EXERCISE INSTRUCTIONS:
No pictures go into the copy. Write out exactly the lines below from the one containing "Pittore del XIX" through the one containing "Cancer 17 |".

PROVIDED DATA Block Start

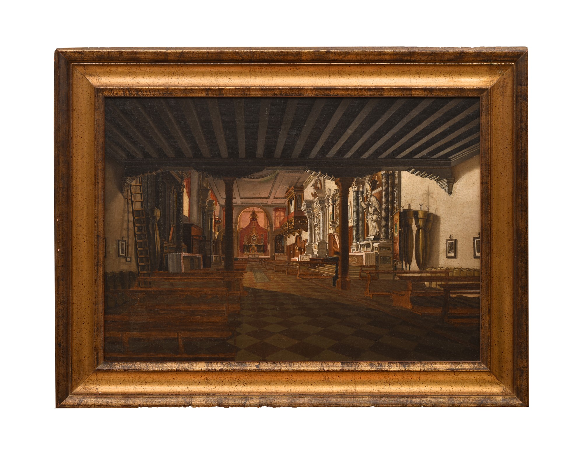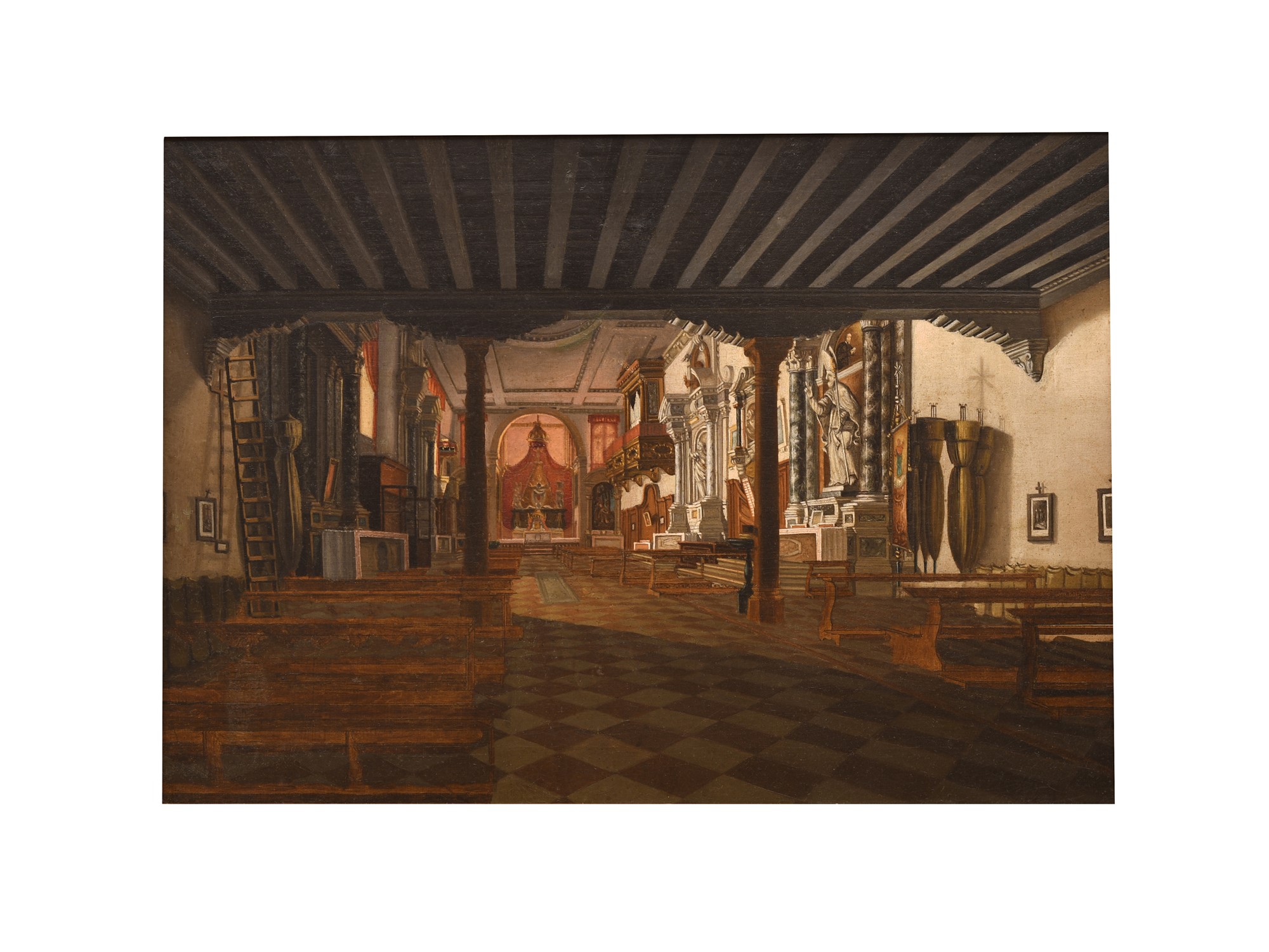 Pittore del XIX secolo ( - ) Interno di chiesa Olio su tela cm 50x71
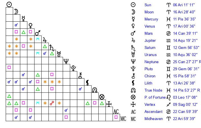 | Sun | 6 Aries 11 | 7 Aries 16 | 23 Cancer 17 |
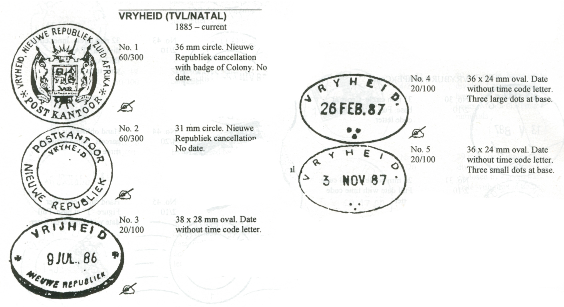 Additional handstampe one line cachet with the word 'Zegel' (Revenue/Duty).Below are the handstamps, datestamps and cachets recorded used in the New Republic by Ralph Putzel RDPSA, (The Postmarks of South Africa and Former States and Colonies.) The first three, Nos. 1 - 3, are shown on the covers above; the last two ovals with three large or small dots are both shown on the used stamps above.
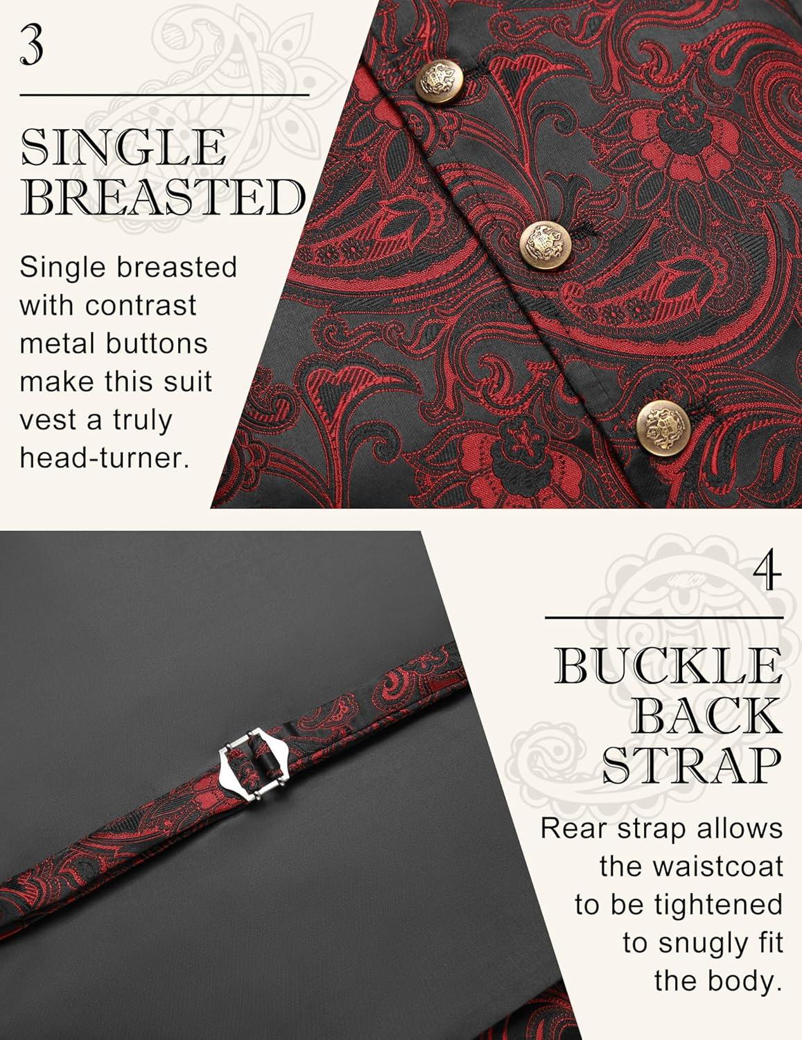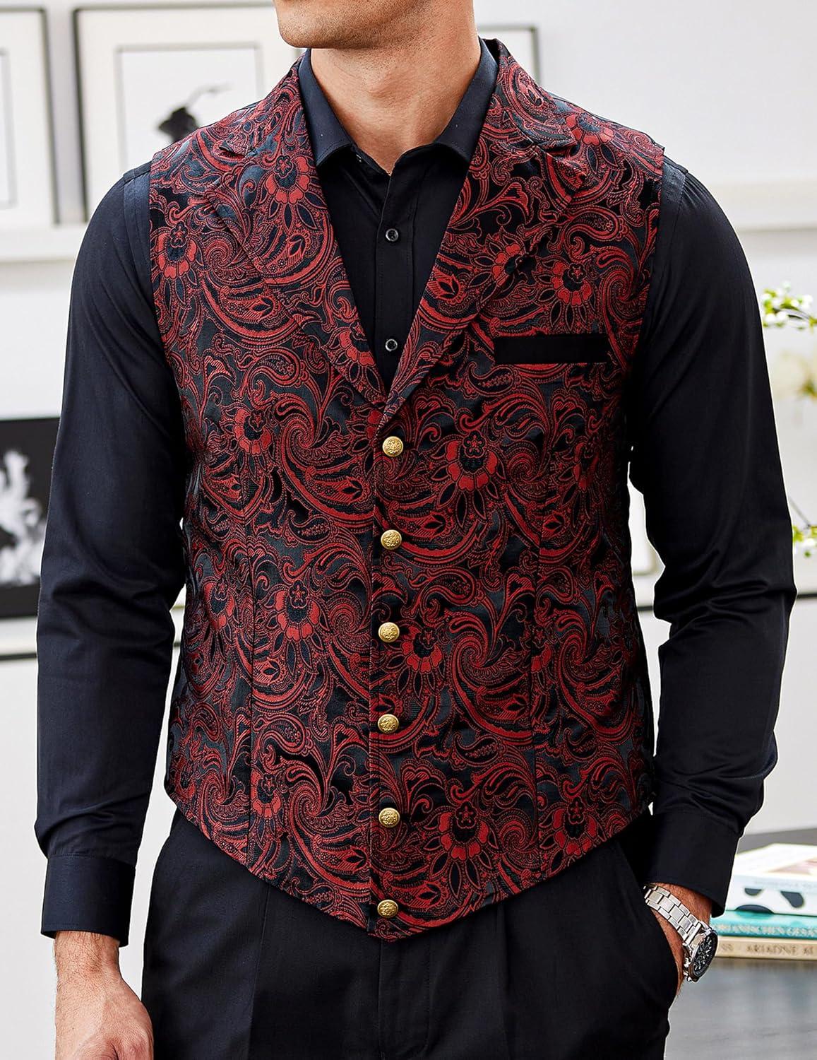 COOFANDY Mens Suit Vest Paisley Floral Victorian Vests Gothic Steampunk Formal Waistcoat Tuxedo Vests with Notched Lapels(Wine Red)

PROVIDED DATA Block End
PROVIDED DATA Block Start

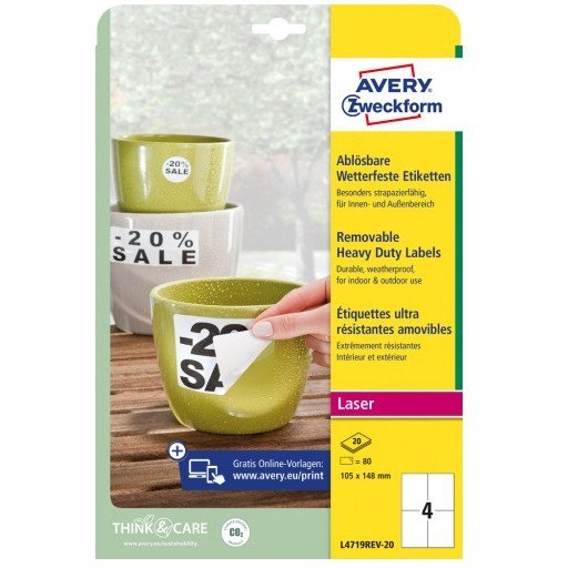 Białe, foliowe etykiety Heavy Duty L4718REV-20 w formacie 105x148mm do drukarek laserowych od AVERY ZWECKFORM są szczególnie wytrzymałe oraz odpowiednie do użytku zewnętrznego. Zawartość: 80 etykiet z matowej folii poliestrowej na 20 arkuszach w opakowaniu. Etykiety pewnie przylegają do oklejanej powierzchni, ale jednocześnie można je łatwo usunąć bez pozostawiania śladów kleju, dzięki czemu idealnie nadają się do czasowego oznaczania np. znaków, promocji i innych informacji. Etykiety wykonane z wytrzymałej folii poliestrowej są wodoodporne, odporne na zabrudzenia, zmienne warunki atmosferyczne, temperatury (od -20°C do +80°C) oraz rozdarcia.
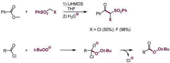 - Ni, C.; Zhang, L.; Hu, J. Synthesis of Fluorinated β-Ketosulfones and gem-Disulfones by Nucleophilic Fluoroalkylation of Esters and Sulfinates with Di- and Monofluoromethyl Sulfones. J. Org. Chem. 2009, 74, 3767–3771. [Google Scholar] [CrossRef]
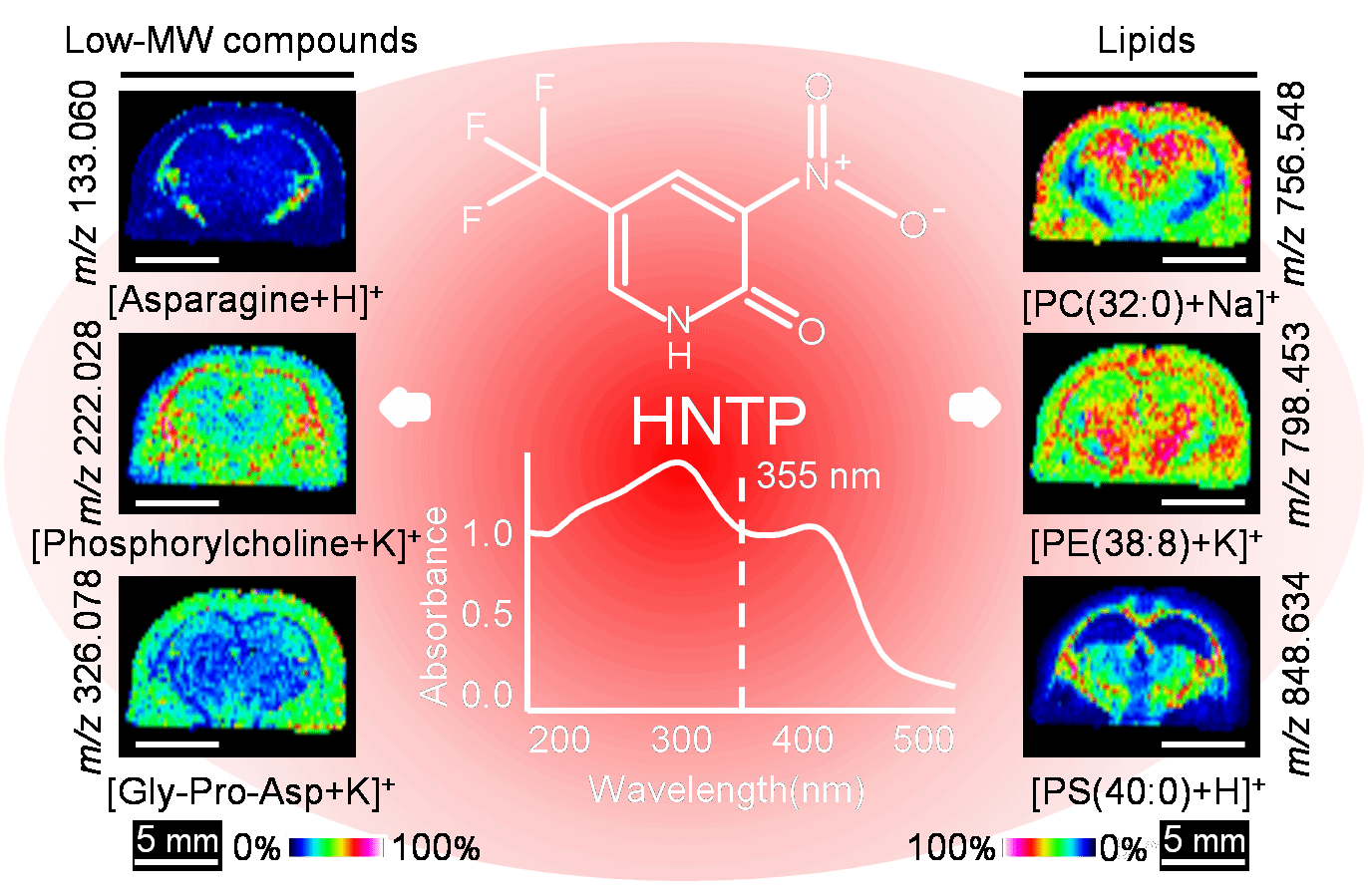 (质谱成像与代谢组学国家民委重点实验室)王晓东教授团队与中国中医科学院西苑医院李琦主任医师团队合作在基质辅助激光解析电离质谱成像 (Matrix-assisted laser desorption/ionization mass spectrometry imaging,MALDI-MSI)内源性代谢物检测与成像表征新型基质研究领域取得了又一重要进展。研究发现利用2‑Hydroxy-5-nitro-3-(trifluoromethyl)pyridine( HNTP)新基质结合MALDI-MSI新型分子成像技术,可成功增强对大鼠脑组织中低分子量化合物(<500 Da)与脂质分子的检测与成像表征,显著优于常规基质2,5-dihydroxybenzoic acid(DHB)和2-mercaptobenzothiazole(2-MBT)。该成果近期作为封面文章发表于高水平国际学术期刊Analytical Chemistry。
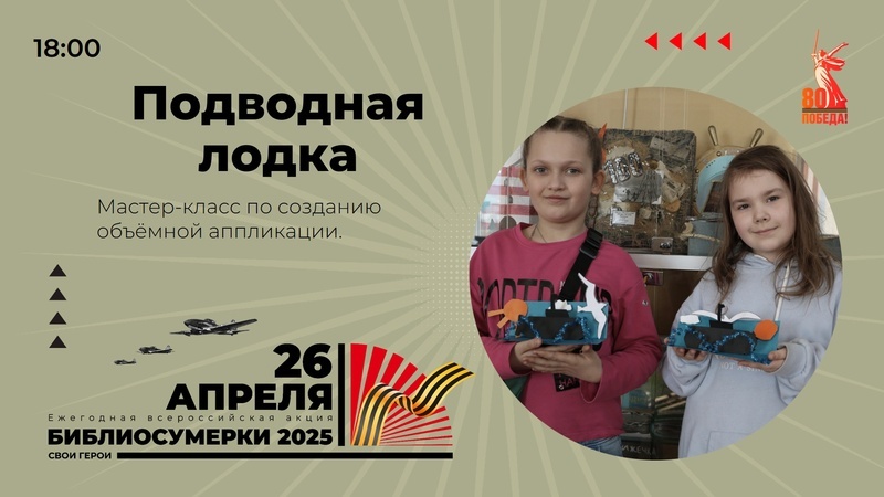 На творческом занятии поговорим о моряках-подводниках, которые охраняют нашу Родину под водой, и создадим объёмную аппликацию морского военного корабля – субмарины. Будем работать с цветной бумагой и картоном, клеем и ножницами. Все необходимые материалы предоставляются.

PROVIDED DATA Block End

ANSWER BELOW:
 Pittore del XIX secolo ( - ) Interno di chiesa Olio su tela cm 50x71
 | Sun | 6 Aries 11 | 7 Aries 16 | 23 Cancer 17 |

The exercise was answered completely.